The Treasury has warned MPs that it is likely to miss its anticipated publication date for the next Whole of Government Accounts snapshot of public spending after two-thirds of the bodies that contribute to the roundup missed a deadline for filing their figures.
The admission follows concerns from the Public Accounts Committee that the department was suffering from “optimism bias” in relation to plans to publish the 2020-21 WGA by the end of next March and the 2021-22 WGA just eight months later.
Treasury director general for public spending Cat Little told PAC chair Dame Meg Hillier that new problems with the department’s OSCAR II database had emerged over the summer that made hitting the March deadline “unlikely”. She said discussions about what a realistic timeline might be were ongoing.
“New system capacity issues have emerged over the summer months and at times some entities have had difficulty in accessing and using the system,” Little said of OSCAR II, which departments and other public bodies use to submit data to the Treasury.

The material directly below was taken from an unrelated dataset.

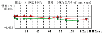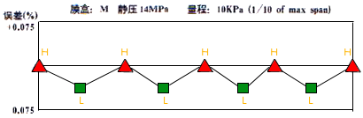 接液膜片與膜盒本體采用獨創(chuàng)的波紋加工技術(shù),使外部壓力增大到某一數(shù)值時, 接液膜片能與本體完全接觸,硅油傳遞給傳感器的壓力不再隨外力的增加而增 加,從而達到對傳感器的保護作用。(圖4)、(圖5)所示為EJA過壓特性。

“These performance issues have impacted all processes that use OSCAR II and have not been isolated to WGA; they are different to the WGA-specific problems that we faced in preparing the 2019-20 WGA which have not re-emerged this year.
“In light of the performance issues we moved the data submission deadline back from 31 August to 30 September 2022. System performance has improved over the last month but we continue to monitor it closely and work with our supplier, Deloitte, to address capacity constraints.”
The WGA brings together spending data from around 10,000 organisations, including central government departments, NHS bodies, councils and schools. The latest figures show that the UK public sector spent £918.7bn on public services and collected revenue of £813.3bn in 2019-20.
Little said only “a little over one third” of the entities that feed into the WGA had submitted their accounts by the 30 September deadline and acknowledged that problems with OSCAR II were not the only issue.
“A number of departments have notified us that they will not be able to submit audited data until the end of October 2022, which is of course disappointing, and we are engaging with them to expedite their returns,” she said.
Other issues affecting the accounts include failings in the local-government audit market in England and Wales that mean increasing numbers of councils have been unable to meet submissions deadlines because their accounts have not been audited.
Last week’s PAC report noted that the 2019-20 WGA, which was published in July, contained unaudited and therefore “unreliable” data for 29 local authorities, and excluded a further 23 councils altogether.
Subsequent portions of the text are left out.